Fast lookup of authorized SSH keys in the database

Tier: Free, Premium, Ultimate Offering: GitLab Self-Managed
note
This document describes a drop-in replacement for the authorized_keys file. For standard (non-deploy key) users, consider using SSH certificates. They are even faster, but are not a drop-in replacement.

Regular SSH operations become slow as the number of users grows because OpenSSH searches for a key to authorize a user with a linear search. In the worst case, such as when the user is not authorized to access GitLab, OpenSSH scans the entire file to search for a key. This can take significant time and disk I/O, which delays users attempting to push or pull to a repository. Making matters worse, if users add or remove keys frequently, the operating system may not be able to cache the authorized_keys file, which causes the disk to be accessed repeatedly.

GitLab Shell solves this by providing a way to authorize SSH users with a fast, indexed lookup in the GitLab database. This page describes how to enable the fast lookup of authorized SSH keys.

Fast lookup is required for Geo

Tier: Premium, Ultimate Offering: GitLab.com, GitLab Self-Managed, GitLab Dedicated

Unlike Cloud Native GitLab, by default Linux package installations manage an authorized_keys file that is located in the git user’s home directory. For most installations, this file is located under /var/opt/gitlab/.ssh/authorized_keys, but you can use the following command to locate the authorized_keys on your system:

getent passwd git | cut -d: -f6 | awk '{print $1"/.ssh/authorized_keys"}'

The authorized_keys file contains all the public SSH keys for users allowed to access GitLab. However, to maintain a single source of truth, Geo must be configured to perform SSH fingerprint lookups with database lookup.

As part of setting up Geo, you are required to follow the steps outlined below for both the primary and secondary nodes, but Write to “authorized keys” file must be unchecked only on the primary node, because it is reflected automatically on the secondary if database replication is working.

Set up fast lookup

GitLab Shell provides a way to authorize SSH users with a fast, indexed lookup to the GitLab database. GitLab Shell uses the fingerprint of the SSH key to check whether the user is authorized to access GitLab.

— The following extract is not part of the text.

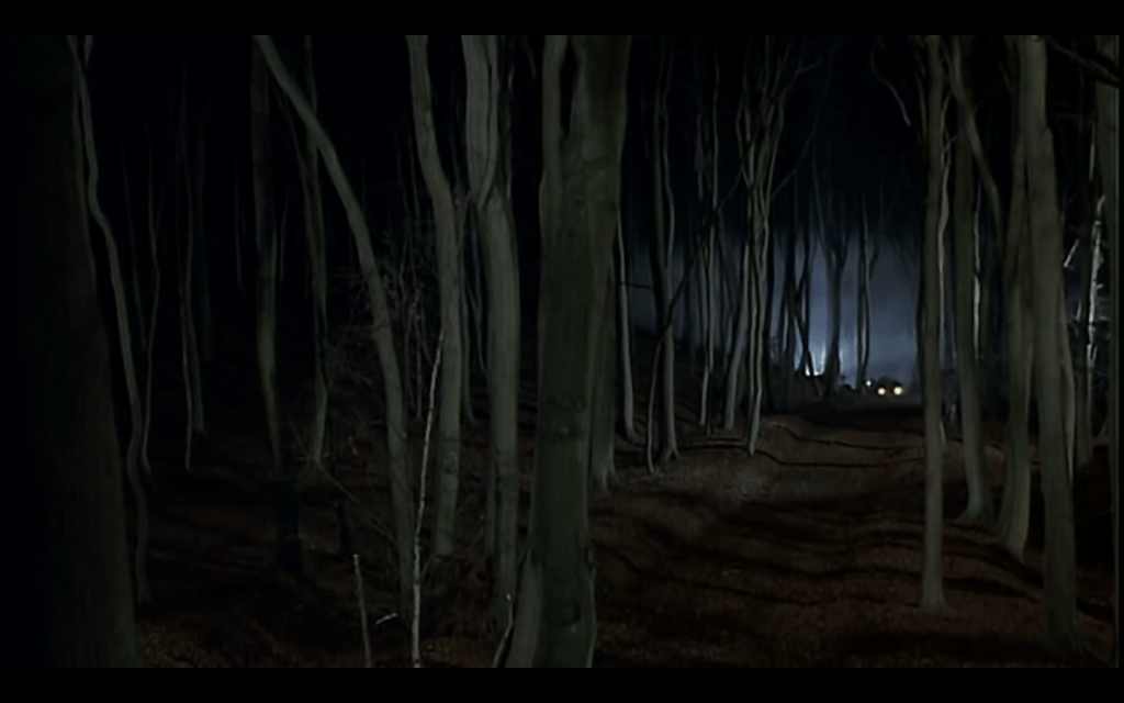 La luce monopuntale è una luce mentale, una luce diffusa che sembra addirittura “amniotica”: una luce che è nascita orrorosa in questo milieu di Dies irae e di foreste scheletrite! Anche perché l’ultima volta che vediamo la luce sembra quasi in fondo a un tunnel perfino uterino, seppur boscoso (naturalmente in Dutch angle)!

Fast lookup can be enabled with the following SSH servers:

You can run both services simultaneously by using separate ports for each service.

With gitlab-sshd

To set up gitlab-sshd, see the gitlab-sshd documentation. After gitlab-sshd is enabled, GitLab Shell and gitlab-sshd are configured to use fast lookup automatically.

With OpenSSH

caution
OpenSSH version 6.9+ is required because AuthorizedKeysCommand must be able to accept a fingerprint. Check the version of OpenSSH on your server with sshd -V.

Add the following to your sshd_config file. This file is usually located at /etc/ssh/sshd_config, but it is at /assets/sshd_config if you’re using Docker from a Linux package installation:

Match User git    # Apply the AuthorizedKeysCommands to the git user only
  AuthorizedKeysCommand /opt/gitlab/embedded/service/gitlab-shell/bin/gitlab-shell-authorized-keys-check git %u %k
  AuthorizedKeysCommandUser git
Match all    # End match, settings apply to all users again

Reload OpenSSH:

# Debian or Ubuntu installations
sudo service ssh reload

# CentOS installations
sudo service sshd reload

Confirm that SSH is working by commenting out your user’s key in the authorized_keys file (start the line with a # to comment it), and from your local machine, attempt to pull a repository or run:

ssh -T git@gitlab.example.com

A successful pull or welcome message means that GitLab was able to find the key in the database, as it is not present in the file.

note
For self-compiled installations, the command would be located at /home/git/gitlab-shell/bin/gitlab-shell-authorized-keys-check if the install from source instructions were followed. You might want to consider creating a wrapper script somewhere else, as this command must be owned by root and not be writable by group or others. You could also consider changing the ownership of this command as required, but that might require temporary ownership changes during gitlab-shell upgrades.
caution
Do not disable writes until SSH is confirmed to be working perfectly; otherwise, the file quickly becomes out-of-date.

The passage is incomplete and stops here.